DATASET EXTRACT:
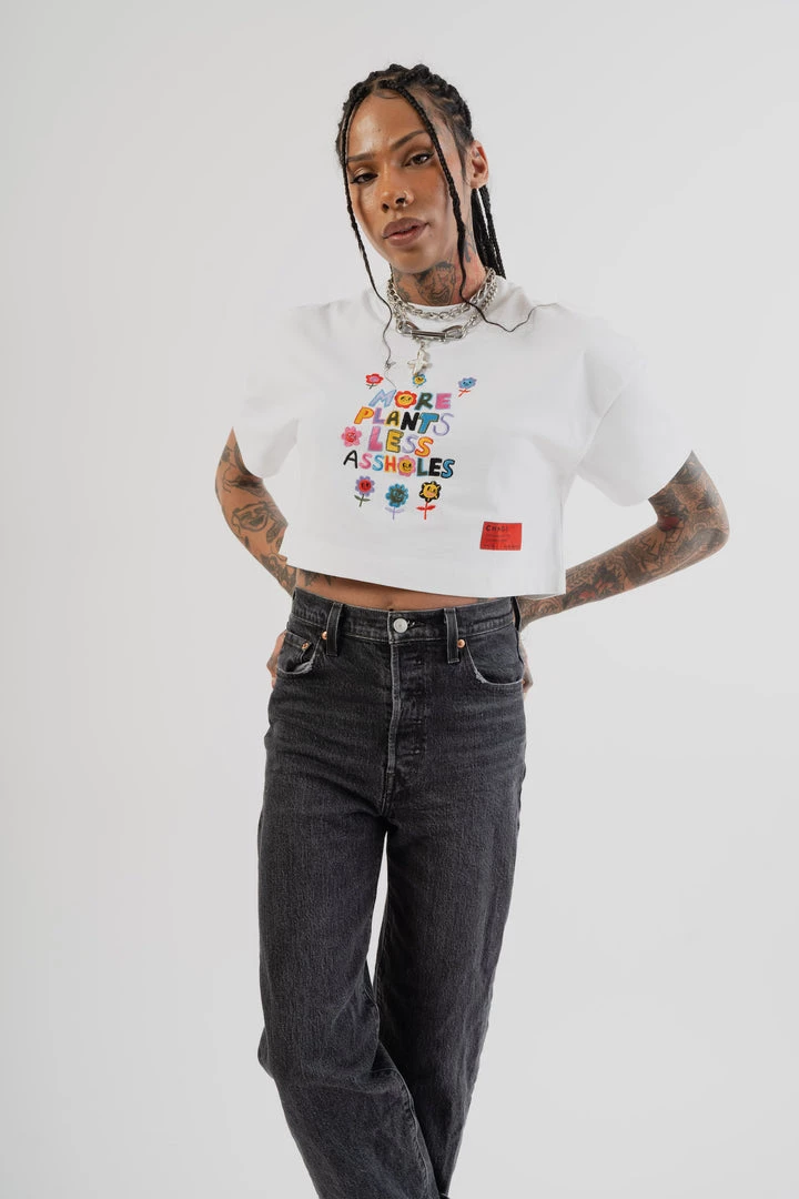 This crop top features a boxed fit and is made from the worldâs finest 100%, GOTS certified, organic cotton. We constructed this garment using a luxurious 7.5 oz jersey fabric, making it both incredibly soft and durable.
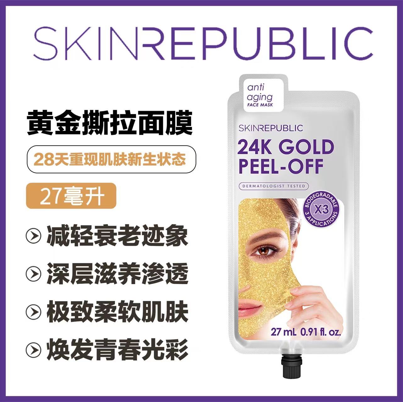 > Skin Republic 24K黄金抗衰老液体撕拉面膜 27ml
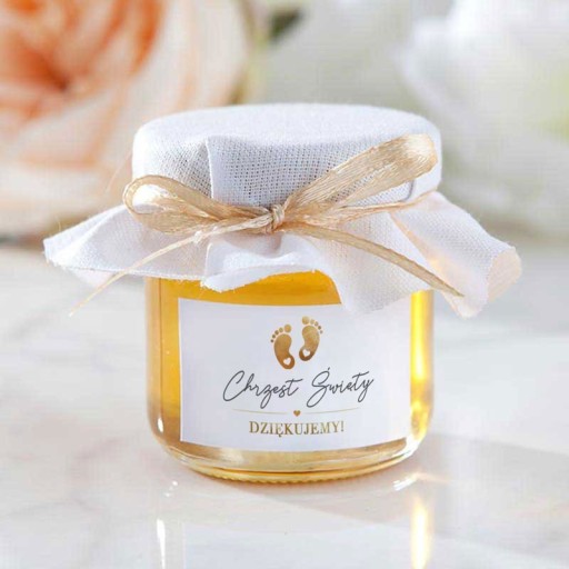 - skład: przepyszny słodziutki miodek w szklanym słoiczku, elegancko dekorowany materiałem oraz złotą tasiemką, miodek udekorowany jest także naklejką z matowym motywem dziecięcych stópek, napisem Chrzest Święty oraz Dziękujemy

TRY IT: Transcribe all of the material exactly and leave out its pictures.

FINISHED TASK:
 This crop top features a boxed fit and is made from the worldâs finest 100%, GOTS certified, organic cotton. We constructed this garment using a luxurious 7.5 oz jersey fabric, making it both incredibly soft and durable.
 > Skin Republic 24K黄金抗衰老液体撕拉面膜 27ml
 - skład: przepyszny słodziutki miodek w szklanym słoiczku, elegancko dekorowany materiałem oraz złotą tasiemką, miodek udekorowany jest także naklejką z matowym motywem dziecięcych stópek, napisem Chrzest Święty oraz Dziękujemy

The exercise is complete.